Development & Testing:

  • Comprehensive test suite with pytest (127 tests across 10 test files)
  • Linting with ruff and black
  • Makefile automation for dev/test/build/release workflows
  • Interactive Jupyter notebook for comprehensive testing
  • Example data and demo configurations

CI/CD & Documentation:

  • GitHub Actions for CI testing and linting
  • Automated PyPI publishing on version tags
  • MkDocs-based documentation with GitHub Pages deployment
  • JOSS manuscript build automation
  • Docker support for containerized workflows

Architecture & Design:

  • Architecture Decision Records (ADRs) documenting key design choices
  • Clean module separation (cli, config, climate, geo, ingest, model, pipeline, stats, viz)
  • Comprehensive error handling and resource management
  • Production-ready code quality

Installation

Option 1: Install from PyPI (Recommended)

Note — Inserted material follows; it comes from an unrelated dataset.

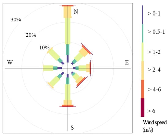 Wildfires that frequently occur within a 30 km radius of the measurement station can impact the PM2.5 concentration levels at the station, contingent on the wind direction and speed. During the period of wildfire occurrences, the wind direction in the Porto Velho region was most frequently northerly and southerly, accounting for 28.4% and 16.4% of the time, respectively (Figure 4). In westerly, southwesterly, and northwesterly winds, light winds of 0–2 ms−1 occurred at an average rate of 95.5%, while relatively strong winds exceeding 4 ms−1 were infrequent, averaging just 0.2%. In contrast, easterly, southeasterly, and northeasterly winds had a comparatively higher percentage of winds exceeding 4 ms−1, averaging 9.2%, while light winds made up an average of 67.4%. Northerly and southerly winds predominantly had light winds of 0–2 ms−1, occurring 77.5% and 78.7% of the time, respectively, with relatively strong winds of 4 m/s or more occurring 2.5% and 6.1% of the time.

uv pip install terraflow-agro

Verify installation:

import terraflow
print(terraflow.__version__)

Option 2: Install from source

Clone the repo:

git clone https://github.com/gmarupilla/AgroTerraFlow.git
cd AgroTerraFlow

Create .venv and install dependencies

make dev

This runs:

  • uv venv .venv
  • uv pip install --python .venv/bin/python -e ".[dev]" (Using only pyproject.toml — no requirements.txt)

Quickstart

Run the demo pipeline

make run-demo

which is equivalent to:

terraflow --config examples/demo_config.yml

CLI Usage

After pip install terraflow-agro, TerraFlow exposes a terraflow command:

terraflow --config config.yml

Relative paths inside the config file resolve relative to the config file's own directory, so configs are portable regardless of your working directory.

Example:

terraflow --config examples/demo_config.yml

Your results will appear in:

outputs/

Run Fingerprint

Each pipeline execution is identified by a deterministic run_fingerprint derived from:

  • Canonicalized YAML configuration
  • ROI geometry hash
  • Input file fingerprints (sha256, size, mtime)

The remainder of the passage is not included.